Sunset with the artist – Giacinto Bosco

Giacinto Bosco at Treville Positano – 1st September 2021
Giacinto Bosco’s sculptures will create a dream atmosphere at Treville Positano, in an appointment scheduled for September 1st as part of the aperitifs at sunset.
Protagonist of this Sunset with the artist, Giacinto Bosco narrates with his works many love stories, particularly his passion for the Moon. Born in Sicily in 1956, he moved to Milan to attend Bramante Artistic High School, where Prof. Teruggi encouraged him to develop his artistic talent.
His sculptures, steeped in romanticism and dreaminess, tell the artist’s sensitivity and his journey through a poetic, almost nostalgic dimension.
His pieces are rendered in full relief using historic bronze sculpture techniques and encourage the observer to reflect upon his unique ability to combine historic artisan craft with highly original execution techniques outside the formal historical canons.

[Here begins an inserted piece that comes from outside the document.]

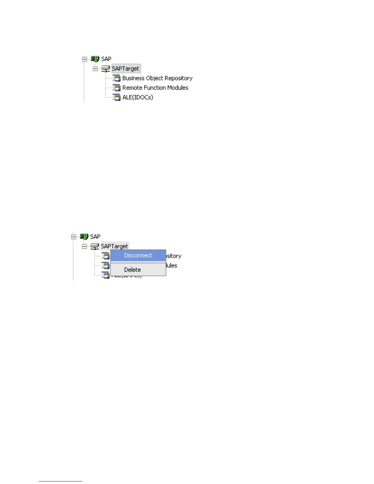 remains. The SAPTarget node in the left pane changes to reflect that you disconnected

Figures are accennate and straightforward, and they encourage the cultural investigation and subjective introspection of the works, which communicate both candid lightness and arcane allusion.

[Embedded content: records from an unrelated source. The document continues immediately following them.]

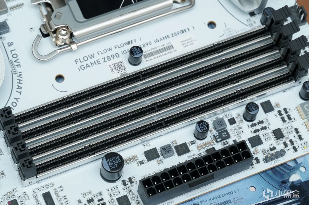 ▲內存方面,iGame Z890 FLOW的4個內存插槽也都進行了金屬加固,總共支持最大192GB的內存容量,至於內存的超頻能力我目前無法爲大家介紹,還得等性能測試解禁時才能說哈哈哈。
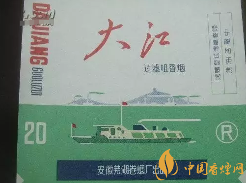 2、大江:70年代,大江香煙的零售價是0.36元每包,需要煙票一張或華僑券一張。據說該煙香味撲鼻,且又氣息平和不嗆嗓子。隨著物價上漲,1984年之后,大江香煙的零售價也調整到0.50元每包。
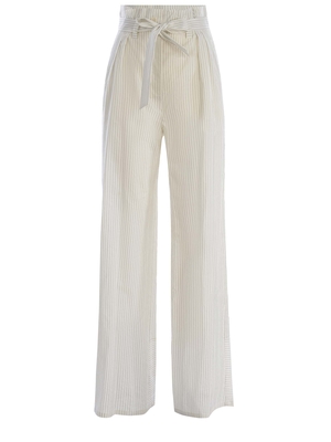 Pantaloni Max Mara " Xero" realizzati in tela di cotone e seta gessata di colore Bianco. Gessato di colore Nero. Pinces davanti. Passanti per cintura. Cintura da annodare a fiocco davanti. Tasche laterali. Chiusura con bottone e zip nascosti. Tasche a filo sul retro. Linea ampia. Gamba palazzo. 80% Cotone, 20% Seta Made in Italy
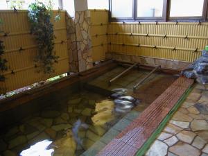 | 浴室には3つの湯船があり、少しずつ湯温が異なっており、ぬるめの湯船の一部は寝湯になっています。 浴室の壁には以前と同じようにテレビが置かれ、ぬる湯にじっくりと浸かりながらテレビを楽しむことができるようになっています。 湯はわずかに濁り気のある透明。源泉は冷たいので加熱しているようですが、かけ流しになっています。わずかに玉子臭を感じ、すべすべ感のある湯でした。 |
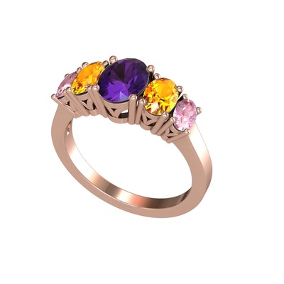 Ametist, sitrin ve pembe kuvars 18 ayar rose altın yüzük
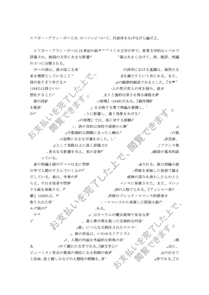エドガ-・アラン・ポーとN.ホーソンについて、代表作をあげながら論ぜよ。

His sculptural sensitivity creates a lyrical synthesis and poetic awakening of sensibilities whose meanings seemed to have been lost.

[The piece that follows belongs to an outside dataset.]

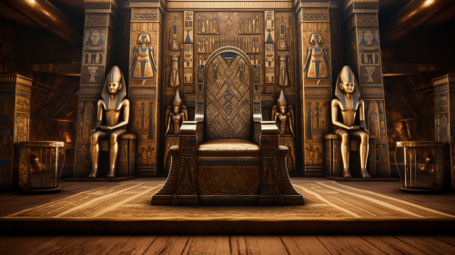 Imagine the mortuary of Thutmose III, Pharaoh of Egypt, bustling with activity as priests prepare for the sacred ritual of mummification. In the dimly lit chamber, adorned with hieroglyphs and sacred symbols, the air is heavy with the scent of embalming herbs. A large stone slab serves as the altar for the mummification process, surrounded by an array of meticulously crafted tools and vessels. Priests, dressed in elaborate linen garments adorned with symbols of their office, move with solemn purpose as they carry out each step of the ritual. The chief embalmer, distinguished by his ornate headdress and ceremonial staff, oversees the proceedings with unwavering focus. As the ritual unfolds, the rhythmic chanting of prayers fills the chamber, invoking the protection of the gods and ensuring the safe passage of the pharaoh into the afterlife. Amidst the reverence and solemnity of the moment, the ancient art of mummification is carried out with reverence and precision, honoring the legacy of Thutmose III for eternity.

With the perfect setting of the Treville, the sculptures of Giacinto Bosco and their moons, will get lost in the wonderful sky of Positano, and Sunset with the artist – Giacinto Bosco will allow immersion in a fairytale reality in which the presence of the artist will help involvement.
Giacinto Bosco is one of the leading and renowned figurative sculptors in Italy, among those who pursue the 20th century great classical tradition. His sculptures, in which the solidity of bronze is put at the service of the lightness of the feeling of love, often depict lovers who yearn for the moon, keeping it lassoed, who seem to hover while swinging on swings hanging from the sky, or trying balance exercises by holding themselves up on chairs and stairs, climbing ropes His are “small amorous idylls”, as Vittorio Sgarbi wrote, “where the mysterious medium of emotions is resolved in an enchanting plastic language”, as pointed out by Paolo Levi, figures as elementary as they are poignant, from which the solemnity of ancient and primary feelings shines through; the most present is that of human amazement in front of the nocturnal star, which, among many, was sung by poets such as Ariosto, Leopardi and Borges and which inspired musicians such as Beethoven and Debussy, just to name a few, whose works in turn are cultural and traditional models for Bosco himself.